• PROMPT:
From the records below, please print only the lines from the one containing "Ostseebad Sellin auf" through the one containing "お米の田んぼには、カエルやドジョウをはじめ多くの生きものたちがすんでいます。", both included. Skip the pictures.
[EXERCISE DATA — start]
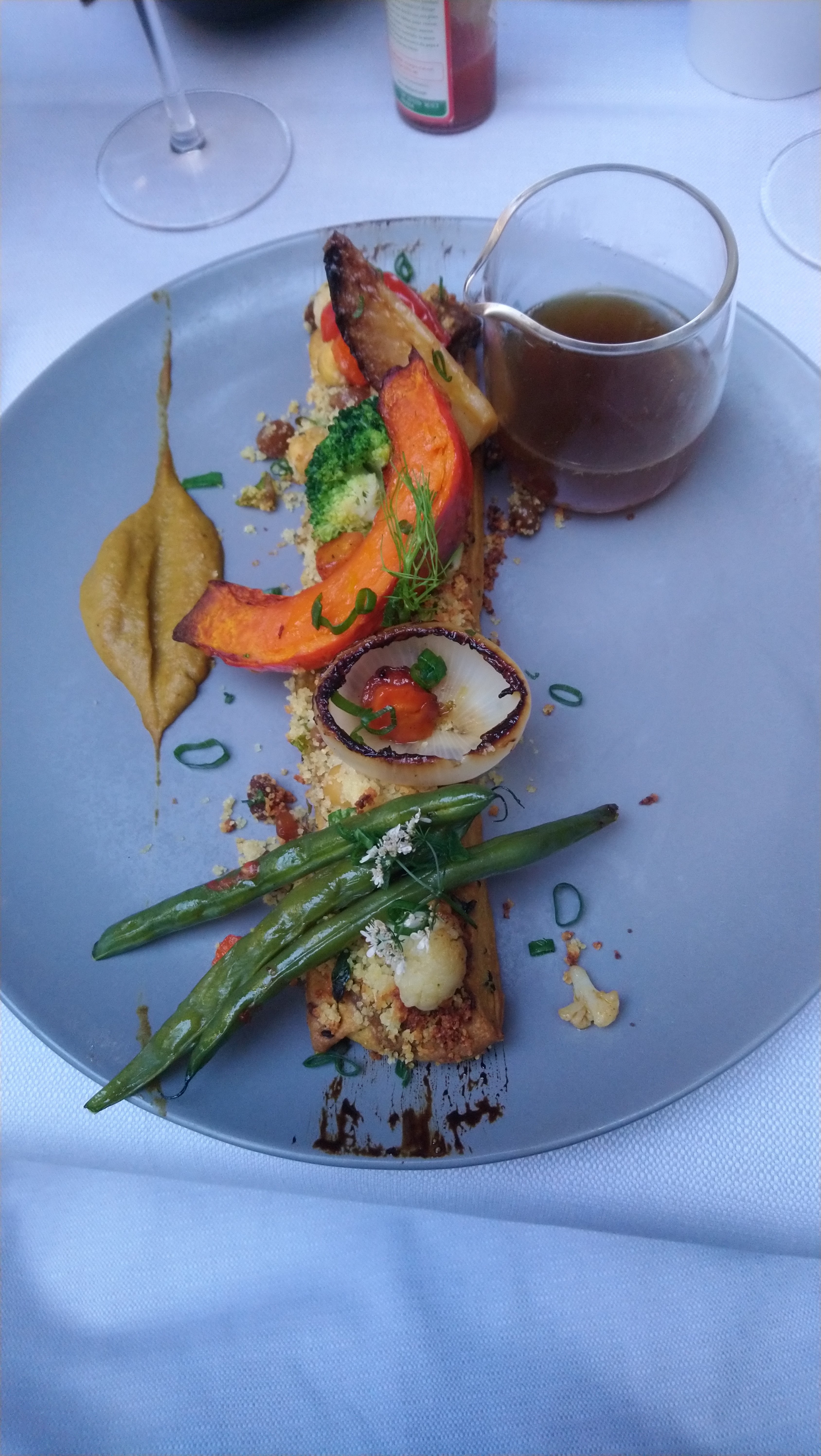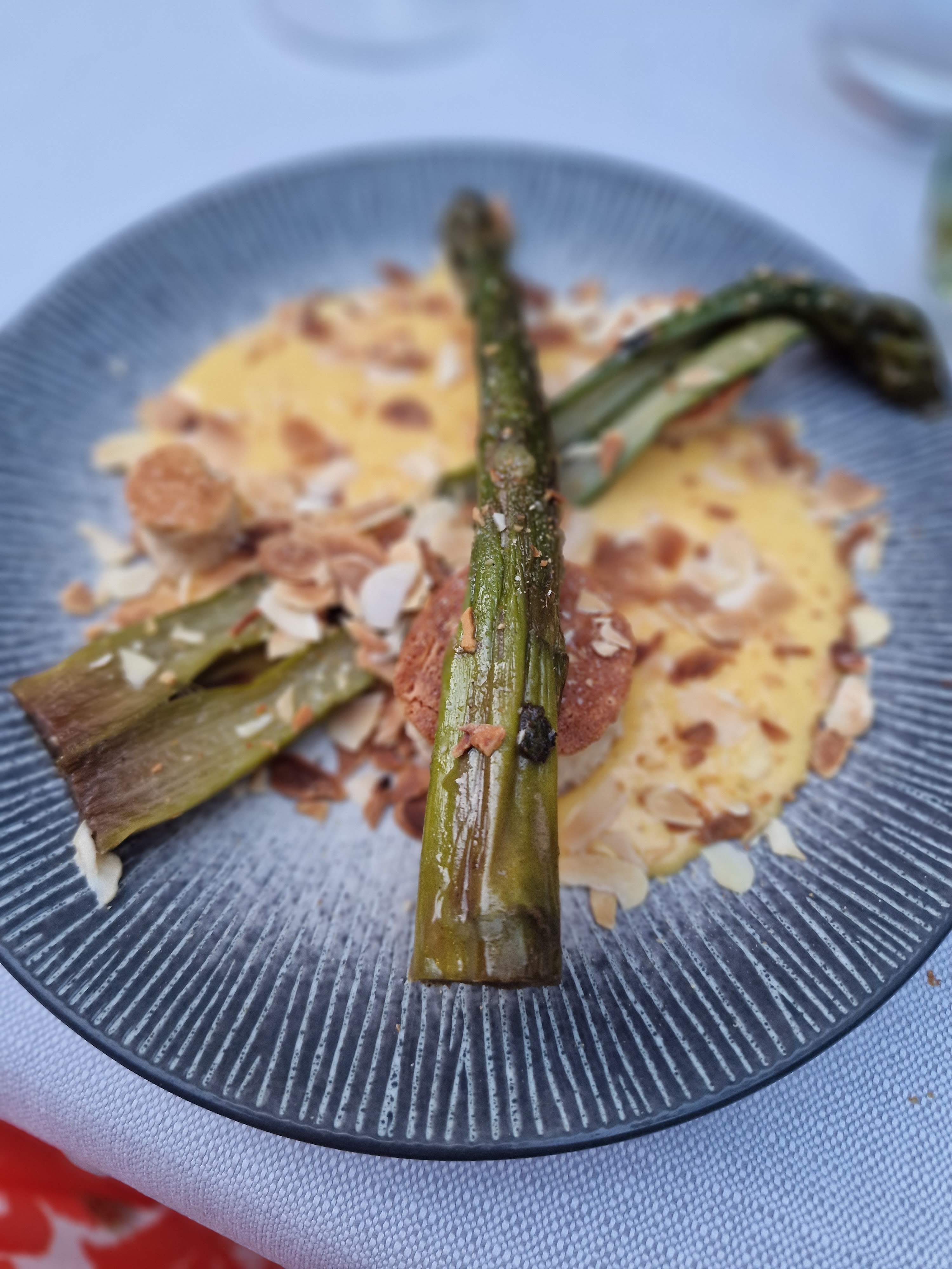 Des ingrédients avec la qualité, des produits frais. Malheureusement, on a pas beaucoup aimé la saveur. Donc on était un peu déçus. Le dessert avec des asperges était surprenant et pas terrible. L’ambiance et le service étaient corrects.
[EXERCISE DATA — finish]
[EXERCISE DATA — start]
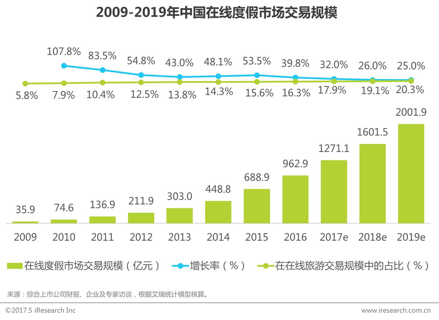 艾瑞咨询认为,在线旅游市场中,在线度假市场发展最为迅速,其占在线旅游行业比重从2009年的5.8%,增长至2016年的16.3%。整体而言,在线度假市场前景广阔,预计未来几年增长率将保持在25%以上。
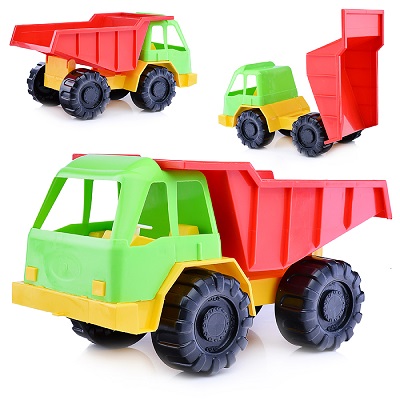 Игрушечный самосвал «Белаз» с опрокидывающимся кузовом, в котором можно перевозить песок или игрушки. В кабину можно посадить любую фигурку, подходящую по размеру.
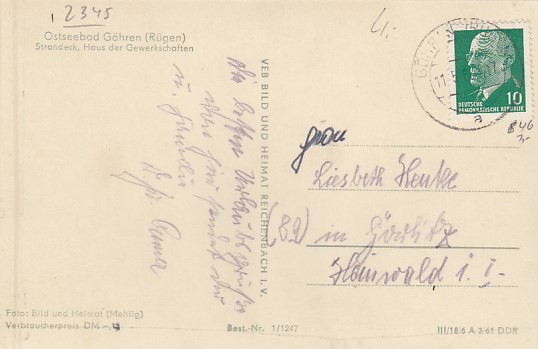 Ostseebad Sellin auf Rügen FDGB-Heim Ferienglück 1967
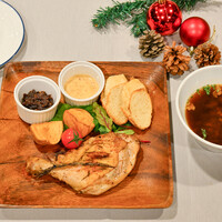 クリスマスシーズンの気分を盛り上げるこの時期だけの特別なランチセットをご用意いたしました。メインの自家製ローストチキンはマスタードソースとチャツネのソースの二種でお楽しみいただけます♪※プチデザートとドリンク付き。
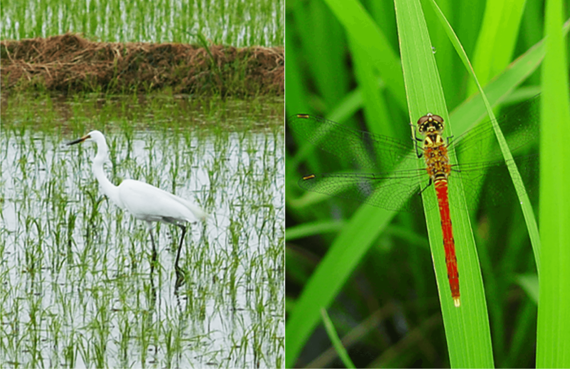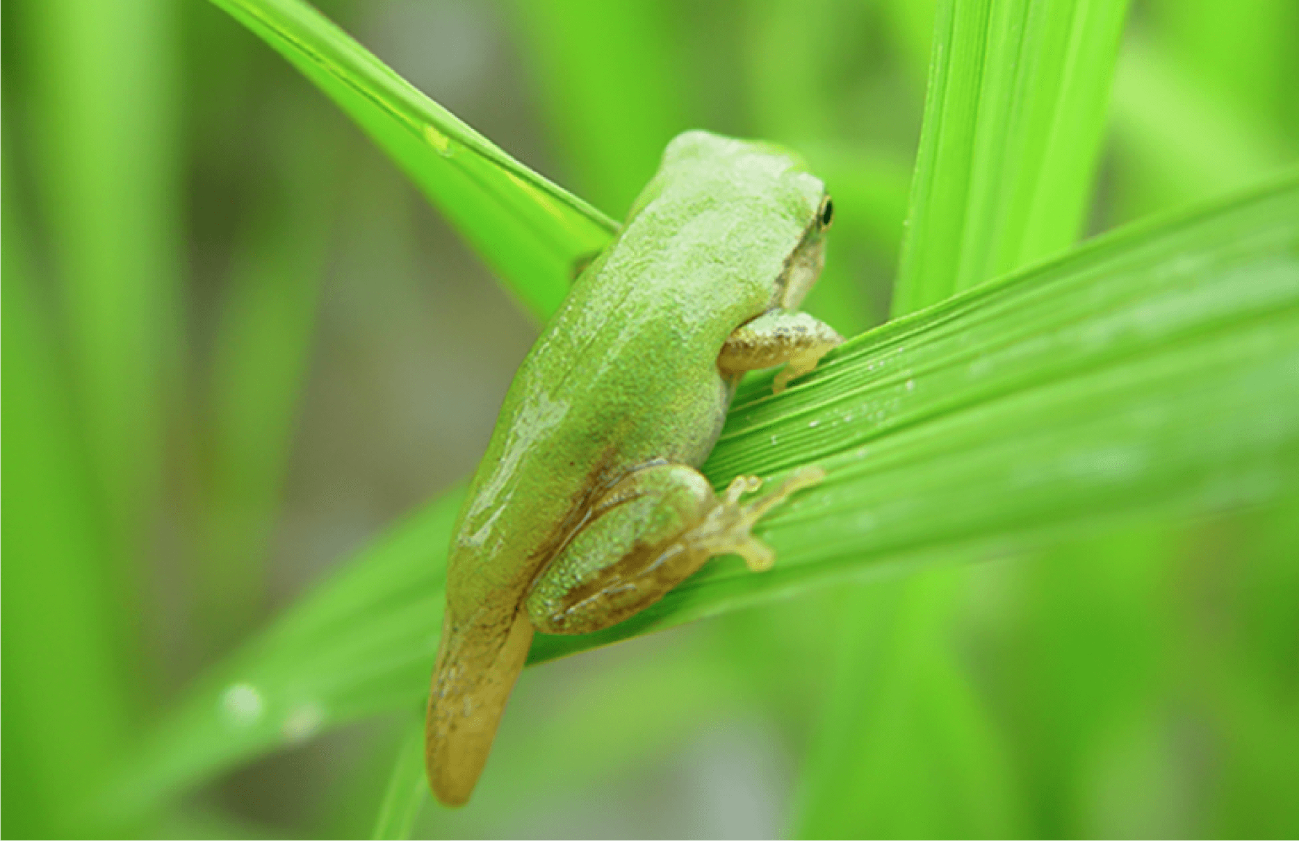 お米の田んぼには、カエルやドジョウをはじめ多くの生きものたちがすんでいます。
[EXERCISE DATA — finish]
[EXERCISE DATA — start]
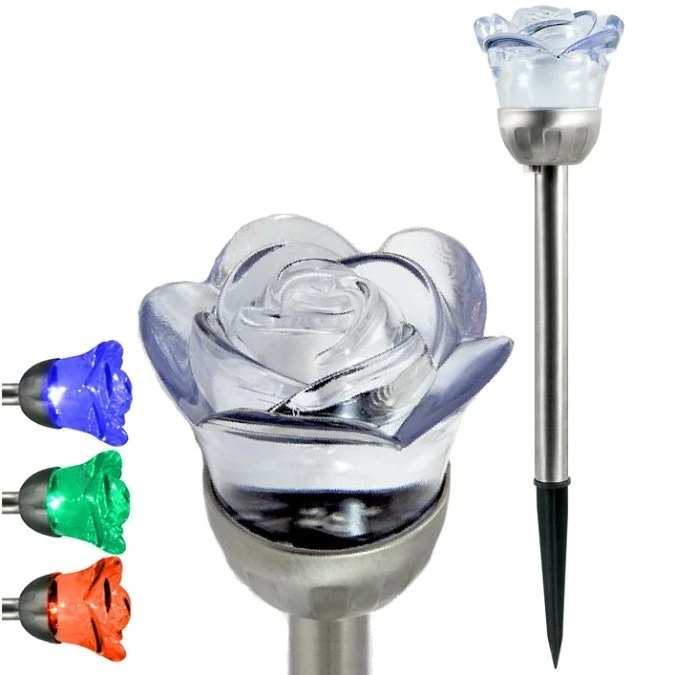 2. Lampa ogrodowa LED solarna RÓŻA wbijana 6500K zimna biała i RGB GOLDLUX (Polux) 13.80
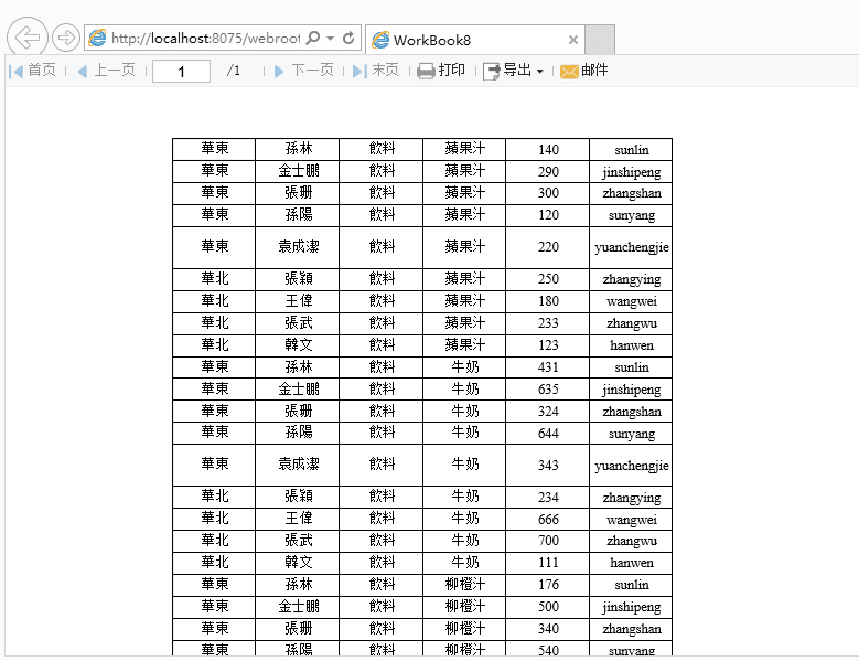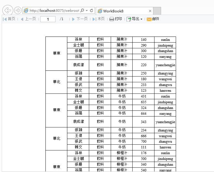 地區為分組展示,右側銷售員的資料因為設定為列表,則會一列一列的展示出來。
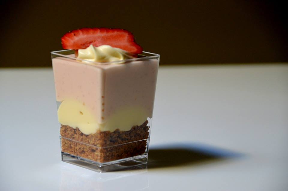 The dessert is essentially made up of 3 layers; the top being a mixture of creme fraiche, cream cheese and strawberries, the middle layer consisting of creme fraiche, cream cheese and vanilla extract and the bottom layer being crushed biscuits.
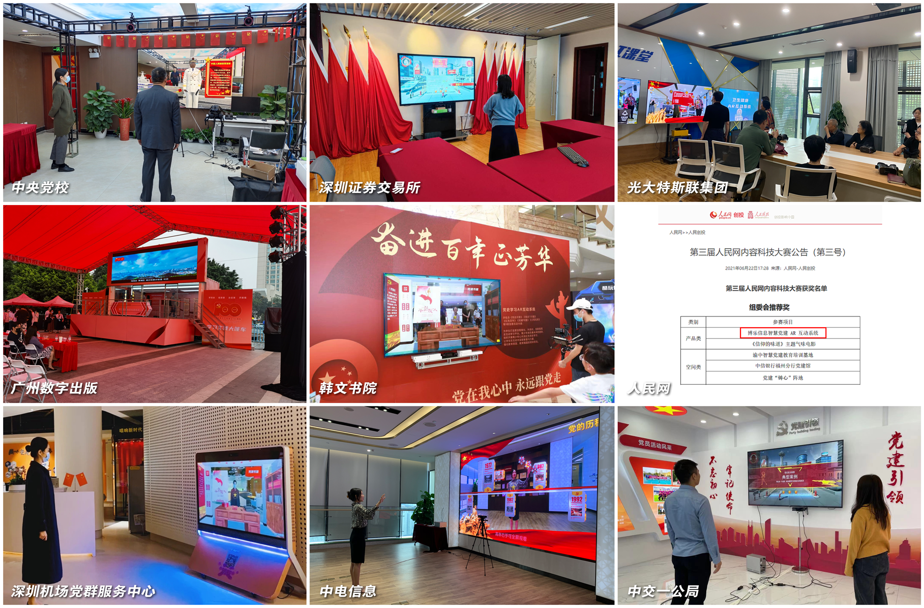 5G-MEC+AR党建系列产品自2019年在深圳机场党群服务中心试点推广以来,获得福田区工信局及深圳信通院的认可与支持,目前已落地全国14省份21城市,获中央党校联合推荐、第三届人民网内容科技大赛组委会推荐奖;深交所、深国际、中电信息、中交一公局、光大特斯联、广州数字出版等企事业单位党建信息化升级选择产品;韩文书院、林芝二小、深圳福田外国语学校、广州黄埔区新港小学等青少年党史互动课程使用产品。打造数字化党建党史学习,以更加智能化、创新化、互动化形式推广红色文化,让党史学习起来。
[EXERCISE DATA — finish]
• RESPONSE AREA:
 Ostseebad Sellin auf Rügen FDGB-Heim Ferienglück 1967
 クリスマスシーズンの気分を盛り上げるこの時期だけの特別なランチセットをご用意いたしました。メインの自家製ローストチキンはマスタードソースとチャツネのソースの二種でお楽しみいただけます♪※プチデザートとドリンク付き。
 お米の田んぼには、カエルやドジョウをはじめ多くの生きものたちがすんでいます。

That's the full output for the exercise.